Task to carry out.
Copy out each entry below verbatim, skipping the images.

Exercise data.

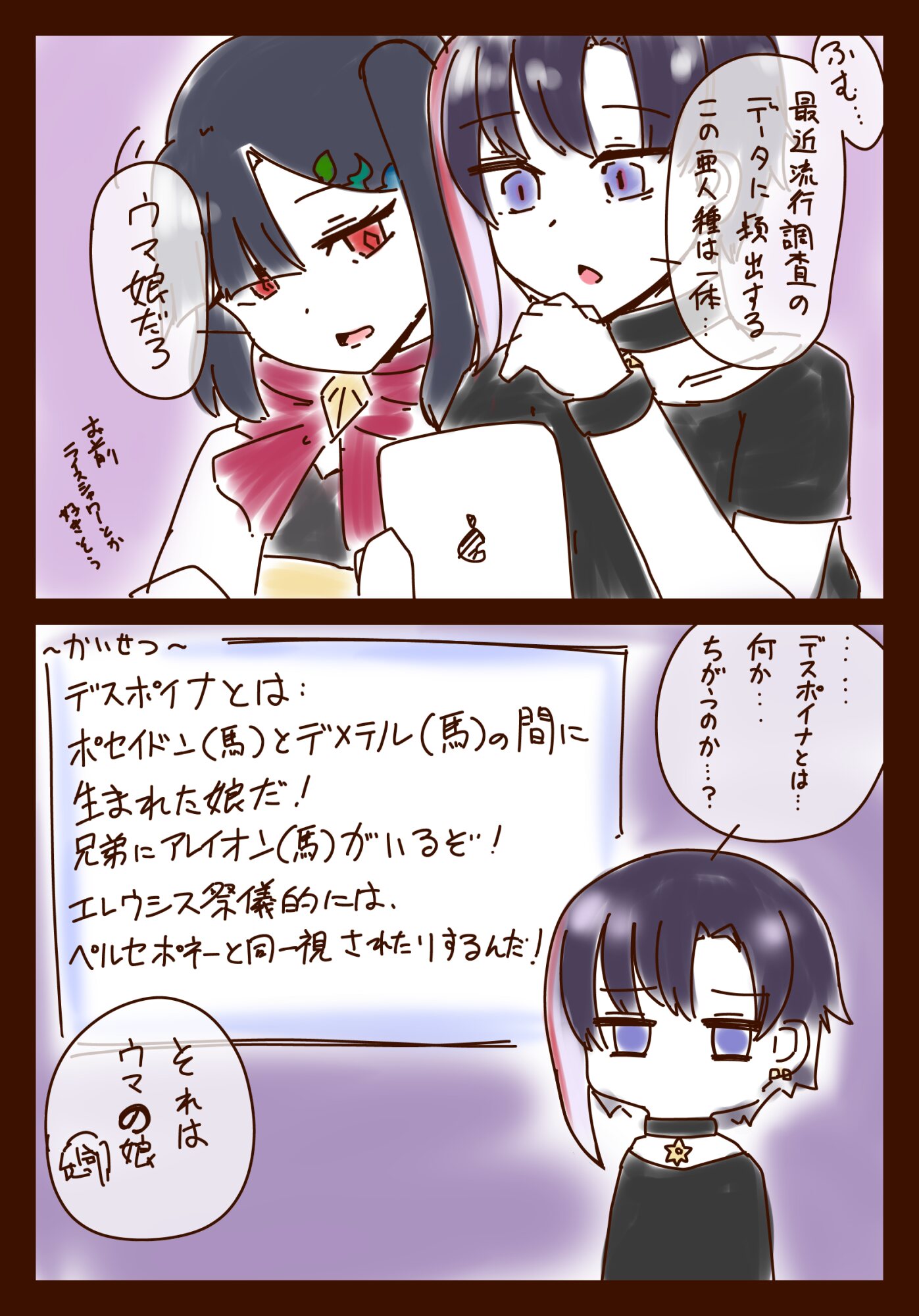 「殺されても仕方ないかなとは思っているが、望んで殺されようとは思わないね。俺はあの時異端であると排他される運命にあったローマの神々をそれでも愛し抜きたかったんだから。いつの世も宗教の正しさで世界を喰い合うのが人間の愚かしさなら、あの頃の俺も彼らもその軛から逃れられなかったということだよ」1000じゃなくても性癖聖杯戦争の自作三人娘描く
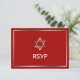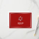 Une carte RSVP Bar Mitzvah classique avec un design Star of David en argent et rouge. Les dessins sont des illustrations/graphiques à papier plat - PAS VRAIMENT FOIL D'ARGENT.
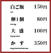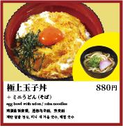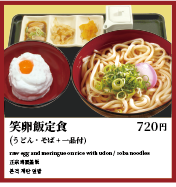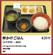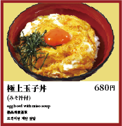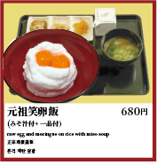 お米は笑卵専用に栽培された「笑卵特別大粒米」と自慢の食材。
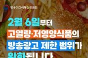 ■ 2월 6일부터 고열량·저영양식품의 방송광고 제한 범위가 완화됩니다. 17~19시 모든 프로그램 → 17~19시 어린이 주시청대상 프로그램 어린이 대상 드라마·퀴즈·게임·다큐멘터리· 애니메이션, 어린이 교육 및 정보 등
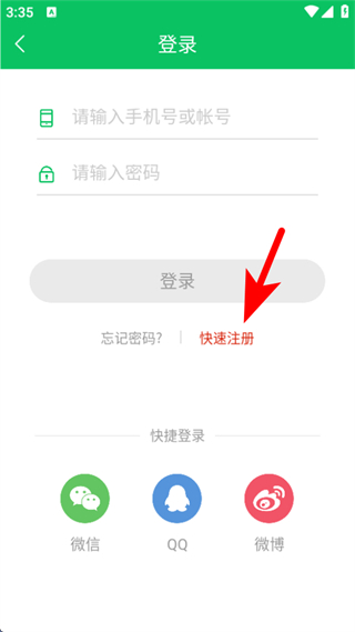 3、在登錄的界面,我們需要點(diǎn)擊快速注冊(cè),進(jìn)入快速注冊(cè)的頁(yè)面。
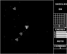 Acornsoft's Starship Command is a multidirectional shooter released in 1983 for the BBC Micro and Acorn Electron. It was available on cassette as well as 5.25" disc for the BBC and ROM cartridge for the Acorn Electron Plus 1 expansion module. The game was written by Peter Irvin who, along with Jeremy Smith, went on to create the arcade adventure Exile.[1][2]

Answer section.
 「殺されても仕方ないかなとは思っているが、望んで殺されようとは思わないね。俺はあの時異端であると排他される運命にあったローマの神々をそれでも愛し抜きたかったんだから。いつの世も宗教の正しさで世界を喰い合うのが人間の愚かしさなら、あの頃の俺も彼らもその軛から逃れられなかったということだよ」1000じゃなくても性癖聖杯戦争の自作三人娘描く
 Une carte RSVP Bar Mitzvah classique avec un design Star of David en argent et rouge. Les dessins sont des illustrations/graphiques à papier plat - PAS VRAIMENT FOIL D'ARGENT.
 お米は笑卵専用に栽培された「笑卵特別大粒米」と自慢の食材。
 ■ 2월 6일부터 고열량·저영양식품의 방송광고 제한 범위가 완화됩니다. 17~19시 모든 프로그램 → 17~19시 어린이 주시청대상 프로그램 어린이 대상 드라마·퀴즈·게임·다큐멘터리· 애니메이션, 어린이 교육 및 정보 등
 3、在登錄的界面,我們需要點(diǎn)擊快速注冊(cè),進(jìn)入快速注冊(cè)的頁(yè)面。
 Acornsoft's Starship Command is a multidirectional shooter released in 1983 for the BBC Micro and Acorn Electron. It was available on cassette as well as 5.25" disc for the BBC and ROM cartridge for the Acorn Electron Plus 1 expansion module. The game was written by Peter Irvin who, along with Jeremy Smith, went on to create the arcade adventure Exile.[1][2]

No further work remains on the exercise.